Tatjana Tchumatchenko

University of Mainz Medical Center
co-affiliation: University of Bonn Medical Center
Time: March 3rd 13:30-14:30 (IRST) / 5:00-6:00 (EST) + Q&A Panel
Tatjana Tchumatchenko


Synaptic plasticity controls the emergence of population-wide invariant representations in balanced network models


Tatjana Tchumatchenko is Professor and Deputy Director of the Institute for Physiological Chemistry at University Medical Center Mainz and Group Leader at the Institute of Experimental Epileptology and Cognition Research at the University Medical Center Bonn. She is a physicist by training but received a PhD in Theoretical and Computational Neuroscience in Göttingen University, in 2011. She was a joint postdoctoral fellow at Max Planck Institute for Dynamics and Self-Organization, the Bernstein Center Göttingen, and the Interdisciplinary Collaborative Research Center in 2011. From 2011 to 2013, she completed a postdoctoral fellowship at the Center for Theoretical Neuroscience, Columbia University, New York City. Then she was a Group Leader at the MPI for Brain Research from 2013 to 2020. She has received a number of grants and awards of excellence such as Behrens-Weise-Foundation Award, Heinz Maier-Leibnitz-Prize of the German Research Foundation and Dollwet Foundation Award. In 2018, she was selected by the Focus Magazine as one of 25 young innovators who will shape Germany in the next 25 years. Tchumatchenko lab aims to uncover how the neural code works and what computational strategies neurons have. The lab is a computational team that works closely with experimental groups.
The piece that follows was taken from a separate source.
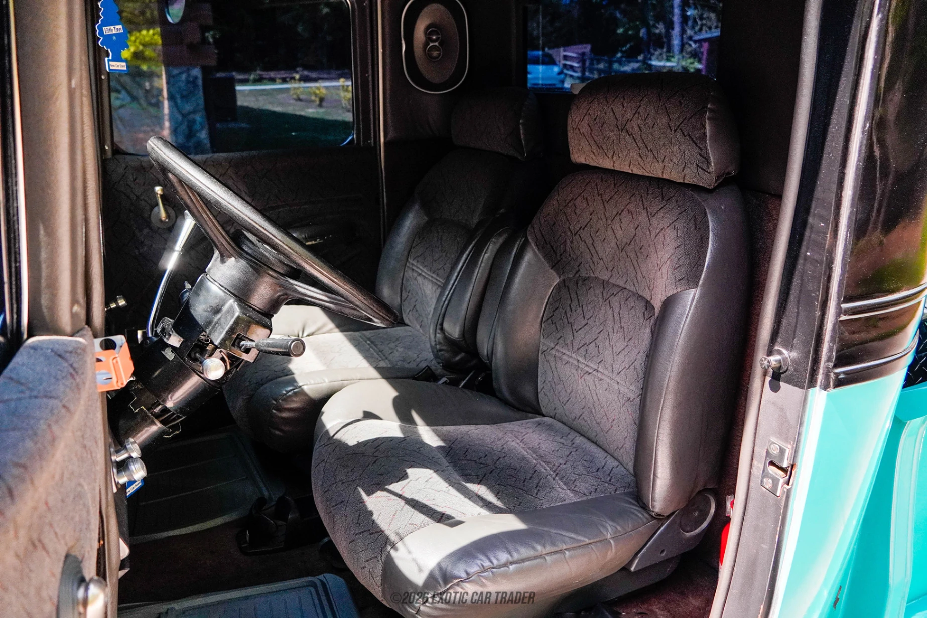 The exterior of this 1936 Chevrolet FB 1/2-Ton Pickup Street Rod is finished in a striking turquoise and black two-tone paint scheme, giving the truck a vibrant yet timeless presence. The rounded fenders, upright grille, and classic proportions remain true to its 1930s heritage, while modern touches like aftermarket wheels and a lowered stance enhance its street rod appeal. The bed features a wood floor complemented by diamond plate covering and a lockable toolbox, blending functionality with a rugged custom aesthetic. Overall, the exterior strikes a perfect balance between restoration and customization. The interior of this 1936 Chevrolet FB 1/2-Ton Pickup Street Rod is finished in brown and has been fully reupholstered to provide a clean and comfortable cabin. Modern conveniences such as an aftermarket gauge cluster, tilt steering column, and upgraded steering wheel improve drivability, while the addition of air conditioning makes it far more usable in today’s conditions. An aftermarket audio system adds entertainment, and seat belts provide an extra layer of safety. The cabin retains a classic feel while incorporating subtle upgrades that enhance comfort and usability.

The intensity and features of sensory stimuli are encoded in the activity of neurons in the cortex. In the visual and piriform cortices, the stimulus intensity re-scales the activity of the population without changing its selectivity for the stimulus features. The cortical representation of the stimulus is therefore intensity-invariant. This emergence of network invariant representations appears robust to local changes in synaptic strength induced by synaptic plasticity, even though: i) synaptic plasticity can potentiate or depress connections between neurons in a feature-dependent manner, and ii) in networks with balanced excitation and inhibition, synaptic plasticity determines the non-linear network behavior. In this study, we investigate the consistency of invariant representations with a variety of synaptic states in balanced networks. By using mean-field models and spiking network simulations, we show how the synaptic state controls the emergence of intensity-invariant or intensity-dependent selectivity by inducing changes in the network response to intensity. In particular, we demonstrate how facilitating synaptic states can sharpen the network selectivity while depressing states broaden it. We also show how power-law-type synapses permit the emergence of invariant network selectivity and how this plasticity can be generated by a mix of different plasticity rules. Our results explain how the physiology of individual synapses is linked to the emergence of invariant representations of sensory stimuli at the network level.